Это стремление и было осуществлено в «Руслане». В то же время первая пушкинская поэма решила поставленную арзамасцами задачу, над которой работали Жуковский и Батюшков, – создание большого эпического произведения на историко-фольклорном материале. Все это определяет важность вопроса о формировании жанра поэмы у Пушкина, о развитии его раннего стихотворного эпического творчества.
В рамках поставленного вопроса следует выяснить, во-первых, соотношение «Руслана и Людмилы» с лицейскими эпическими опытами и, во-вторых, связь ранней эпической поэзии с лирикой соответствующего периода.
Простое сравнение показывает, что написанные в Лицее произведения повествовательного рода прямо не ведут к «Руслану». Надо учитывать и то, что «Монах» и «Бова» – опыты незавершенные. Единственное законченное лицейское произведение, которое можно считать поэмой, – «Тень Фонвизина» – по своей тематической и жанровой специфике занимает особое место. Поэтому, чтобы составить сколько-нибудь полную картину развития жанра и появления «Руслана и Людмилы», необходимо привлечь и материал лирики.

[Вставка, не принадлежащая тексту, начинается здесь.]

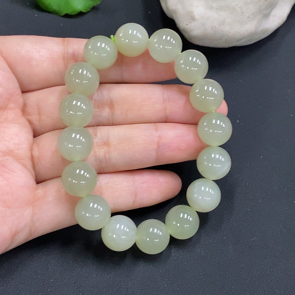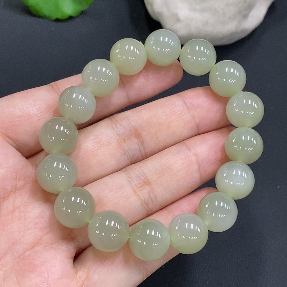 Hetian Jade Bead Necklace Approx.11.7mm Total Weight Approx.42g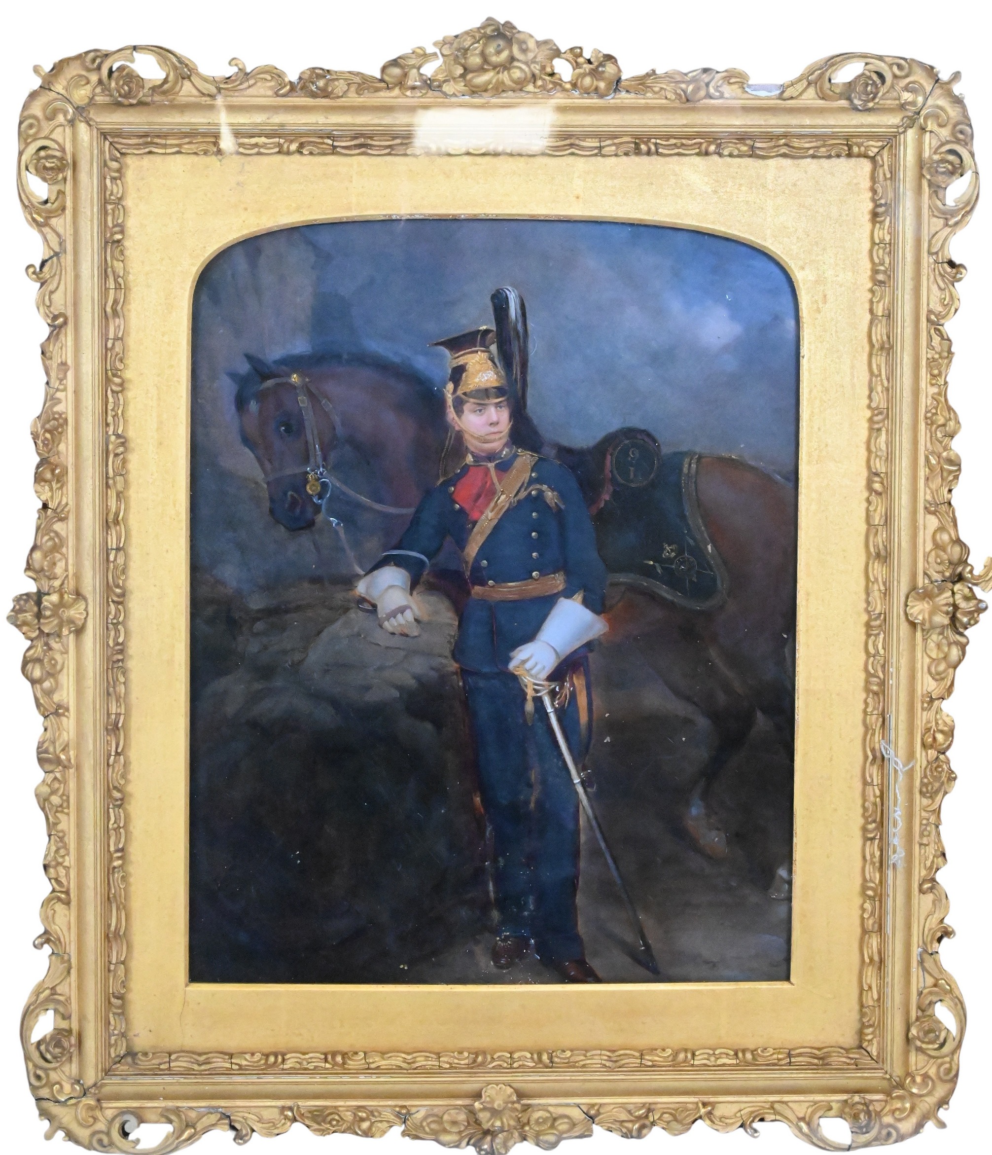 Depicting officer standing beside his horse, wearing a gilt crested helmet with plume, dark blue coat with red facings, sash, and sword. The horse’s saddle cloth is embroidered with the numeral “9”, similar to artists such as Theodore Gericault (French 1791-1824) Emile Jean Horace Vernet (French 1789-1863)

Как мне кажется, можно говорить об определенном объединяющем начале в раннем эпическом творчестве Пушкина, которое обеспечивает некоторую ведущую линию становления жанра поэмы. Прежде всего, заметно единство настроения, основанное на гедонистическом, жизнелюбивом мировосприятии молодого Пушкина. То же мы видим и в лицейской лирике, но там в 1816–1817 гг. происходит поворот к элегическому направлению. В эпических же произведениях, как в «Монахе» и «Бове», написанных в 1813 и 1815 гг., так и в «Руслане», над которым Пушкин работал в 1817–1820 гг., ощущается единое, устойчивое настроение. При этом важно, что положение не меняется и в «Руслане», где широко применен опыт элегической поэзии. Конкретизировать отмеченную общность помогает, например, стихотворение 1814 г. «Mon portrait» (написано по-французски). Такая поэма, как «Монах», а затем и «Руслан» естественно выходят из-под пера поэта, заявлявшего о себе:
Я молодой повеса,
Еще на школьной скамье;
Не глуп, говорю не стесняясь
И без жеманного кривлянья. <…>
Спектакли, балы мне очень нравятся,
И если быть откровенным,
Я сказал бы, что я еще люблю…
Если бы не был в Лицее. <…>
Сущий бес в проказах,
Сущая обезьяна лицом,
Много, слишком много ветрености —
Да, таков Пушкин.
(I, 499)
Надо отметить повышенный интерес поэта к любовной теме:
Одушеви перо мое, любовь!
(«Монах», I, 12)
Так ты прав, оракул Франции,
Говоря, что жены слабые
Против стрел Эрота юного,
Все имеют душу добрую,
Сердце нежно-непритворное.
(«Бова», I, 70)
Я не Омер: в стихах высоких
Он может воспевать один
Обеды греческих дружин
И звон и пену чаш глубоких,
Милее, по следам Парни,
Мне славить лирою небрежной
И наготу в ночной тени
И поцелуй любови нежной!
(«Руслан и Людмила», IV, 54)
Напомню, что некоторые критики ставили в вину Пушкину ряд эпизодов «Руслана и Людмилы», показавшихся им нескромными (с этой стороной «Руслана» и «Монаха» соприкасается позднейшая «Гавриилиада»).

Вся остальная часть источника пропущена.